First, Introduction
Regular expressions are commonly used in many of the tools and commands in the shell, and understanding basic regular expressions and extending the meaning and usage of metacharacters in regular expressions is good for skilled shell programming.
Regular expression re (Regular Expression) is a string of and metacharacters characters that is composed of text queries and string manipulations that match one character or character set of the text. For data flow processing to complete data filtering.
Second, detailed
POSIX is divided into basic regular expressions and extended regular expressions, and Linux supports basic regular expressions.

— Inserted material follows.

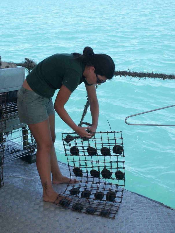 Dieser Tag mit dem frühen Start führte mich von Exmouth über Carnavron bis nach Denham. Carnavron ist die Obstkammer Australiens – hier gedeiht auf grund des hervorragenden Klimas sowie des ausreichend vorhandenen Süßwassers faktisch alles. Darüber hinaus ist die Stadt für Ihre tollen Surfstrände bekannt. Ein kurzer Versorgungsstopp für Diesel und Lebensmittel und es ging weiter nach Denham. Denham dann ist die ´Stadt´, 20 km vor Monkey Mia, wo die Delfine bis an den Strand kommen sollen. Als ich abends ankam traf ich wieder auf Adele und Michael (die Zwei aus der Tauchergruppe). Beiden meinten es gäbe hier nicht viel zu tun und zu sehen, aber ich müsste unbedingt mit auf die morgige 1,-A$ Perlenfarmtour mitkommen. Ich sagte spontan zu, denn was konnte ich schon verlieren – außer einem Dollar? So wurden wir am nächsten Morgen kurz nach 8.00Uhr abgeholt und von Monkey Mia aus mit dem Boot raus auf die Perlfarm gebracht, gespannt was uns dort erwarten würde. Vorausschicken möchte ich, dass der sog. ´Sonntagsanzug´ nicht unbedingt die richtige Bekleidung gewesen wäre – mal ganz unabhängig von der Temperatur. Die 1Dollar Tour basiert darauf, dass Frau und Mann einen Tag auf der Perlfarm mitarbeiten. Der eine Dollar muss aus versicherungstechnischen Gründen wohl berechnet werden – wird aber nie kassiert. Die Arbeit ist, da neu für alle Besucher, interessant und ich werde in den nächsten Wochen, Monate … sicherlich keine 2. Chance dazu bekommen. Diese Perlenfarm ist noch jung und im Aufbau. Bis zu den ersten Erträgen vergehen erst einmal zwischen 10 und 15 Jahren. Zuerst werden die jungen Muscheln in großen Tanks ´gezeugt und geboren´ und dort auch für ca. 3 Monate aufgezogen. Nach dieser Zeit futtern sie soviel, dass dies nicht mehr in diesen Tanks ausreichend gewährleistet werden kann. Nun kommt der Sprung ins kalte Wasser – die Muscheln werden in flachen Netzen mit eingelegten Perlonfäden ausgesetzt. Dort klammern sich an die Fäden und futtern kräftig … bis wieder ca. 4 Monate vorbei sind. Dann müssen sie das erstemal raus aus der Badewanne um von Verschmutzungen, Pflanzen und anderen Unterwasserlebewesen gereinigt werden. Dies war unsere erste Tätigkeit an diesem Morgen. Es eine etwas schmuddelige Arbeit, da die Fäden voll bewuchert waren und ein Teil der komischen Dödels beim Entfernen plötzlich nach einem gespritzt haben. Aber wir waren ja alle nicht zum Vergnügen da… |

1, the basic regular expression
(1) The basic elements of regular expression include ordinary character and metacharacters character, such as A, B, 1, etc. belong to ordinary characters. and the *, ^, [] and other meta characters give a special meaning.
(2) square brackets [] matching character sets, you can use "-" to indicate the range of the character set (from "-" to the left character to the "-" right character end). The Linux system is case-sensitive and supports alphabetic sorting.
(3) "^" symbol to match the beginning of the line, but the "^" symbol in "[]" is no longer to match the beginning of the line is to take the counter symbol, example [^b-d] represents all characters not in the B~d range (that is, other letters, numbers, spaces, etc.). [A-za-z] [a-za-z]* matches any English word.
(4) The "\<\>" symbol is an exact matching symbol, such as \<the\> exactly matches the word, and does not match words including the character such as them, there.
(5) The "\{\}" series symbol can specify the number of repetitions (the "*" symbol can only represent a repeat of 0 or more times).
2, extended Regular expression awk and Perl and other Linux tools also support regular expression extended some of the metacharacters.
(1) "?" You can match at most 1 characters. "+" matches at least once. "*" can match 0 times and multiple times.
(2) "(usually with" | ") Combines to represent a set of optional characters. However, the "()" symbol is rarely used because "[]" is completely capable of representing a set of optional characters in lieu of "()." Re (a|e|o) d is equivalent to Re[aeo]d.
3, wildcard (1) Bash shell itself does not support regular expressions, the use of regular expressions is shell commands and tools such as Gerp, SED, awk, and so on. But the shell can use some of the metacharacters in the regular expression to implement the wildcard function, and the most common wildcard characters include regular expression metacharacters:?, *, [], {}, ^, and so on, their meaning is not exactly the same as the meaning of the regular expression.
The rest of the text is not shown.